DATA EXTRACT ▸
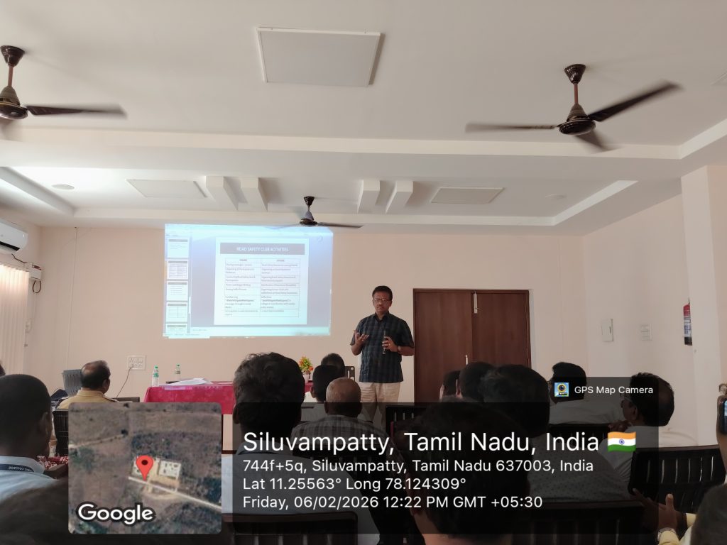 Mr. E.S. Murugesan, Regional Transport Officer, Namakkal South, in his keynote address, Tamil Nadu State consistently ranks as one of the states with the highest number of road accidents in India. Each one, we must follow the road traffic rules, avoid distractions like mobile phones, never drink and drive, wear helmets/seat belts and maintain a safe speed and distance, he stated.
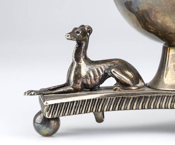 composta da una base dove poggiano le figure di tre cani con al centro un corpo sferico con al vertice lo stoppino. Metallo argentato (E.P.N.S. Electro plated nickel silver),Birmingham 1899, argentiere Elkinton & Co.
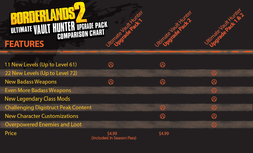 Today, 2K and Gearbox Software announced new downloadable content for Borderlands 2. The Ultimate Vault Hunter Upgrade Pack 2: Digistruct Peak Challenge is now available on all platforms worldwide for $4.99, and includes a new level cap, more legendary gear and the new “Raid on Digistruct Peak” map. Additionally, new heads and skins for each Vault Hunter are now available for only $0.99 each.

TASK PROMPT ▸
Leaving the pictures behind, return every line above exactly.

SOLUTION BELOW ▸
 Mr. E.S. Murugesan, Regional Transport Officer, Namakkal South, in his keynote address, Tamil Nadu State consistently ranks as one of the states with the highest number of road accidents in India. Each one, we must follow the road traffic rules, avoid distractions like mobile phones, never drink and drive, wear helmets/seat belts and maintain a safe speed and distance, he stated.
 composta da una base dove poggiano le figure di tre cani con al centro un corpo sferico con al vertice lo stoppino. Metallo argentato (E.P.N.S. Electro plated nickel silver),Birmingham 1899, argentiere Elkinton & Co.
 Today, 2K and Gearbox Software announced new downloadable content for Borderlands 2. The Ultimate Vault Hunter Upgrade Pack 2: Digistruct Peak Challenge is now available on all platforms worldwide for $4.99, and includes a new level cap, more legendary gear and the new “Raid on Digistruct Peak” map. Additionally, new heads and skins for each Vault Hunter are now available for only $0.99 each.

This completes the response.